## Provided data
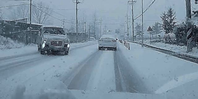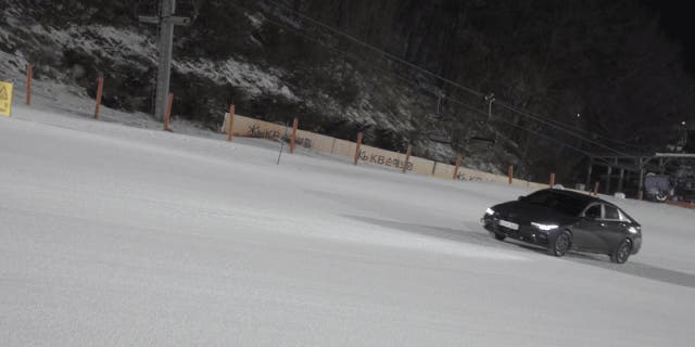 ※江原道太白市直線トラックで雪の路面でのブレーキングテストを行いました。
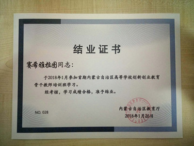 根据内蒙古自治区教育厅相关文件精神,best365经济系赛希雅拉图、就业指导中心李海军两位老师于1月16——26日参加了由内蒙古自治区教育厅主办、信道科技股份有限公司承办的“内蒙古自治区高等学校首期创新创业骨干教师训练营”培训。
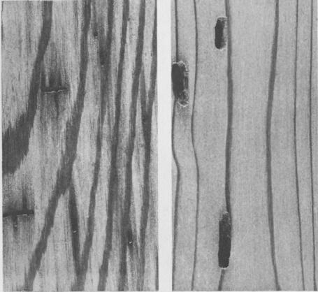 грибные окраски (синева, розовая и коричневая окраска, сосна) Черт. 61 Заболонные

--

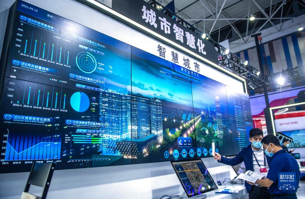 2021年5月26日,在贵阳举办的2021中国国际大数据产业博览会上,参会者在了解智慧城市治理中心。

* * *

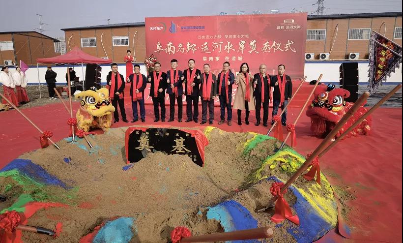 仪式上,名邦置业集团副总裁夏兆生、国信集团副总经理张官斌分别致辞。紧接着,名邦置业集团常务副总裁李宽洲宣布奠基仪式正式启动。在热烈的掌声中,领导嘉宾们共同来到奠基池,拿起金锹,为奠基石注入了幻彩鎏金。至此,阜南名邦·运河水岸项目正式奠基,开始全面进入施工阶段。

## What to produce
The response must repeat exactly the lines above from the one with "根据内蒙古自治区教育厅相关文" through the one with "грибные окраски (синева, розовая", including both, and must contain no pictures and no other text.

## Response to this exercise
 根据内蒙古自治区教育厅相关文件精神,best365经济系赛希雅拉图、就业指导中心李海军两位老师于1月16——26日参加了由内蒙古自治区教育厅主办、信道科技股份有限公司承办的“内蒙古自治区高等学校首期创新创业骨干教师训练营”培训。
 грибные окраски (синева, розовая и коричневая окраска, сосна) Черт. 61 Заболонные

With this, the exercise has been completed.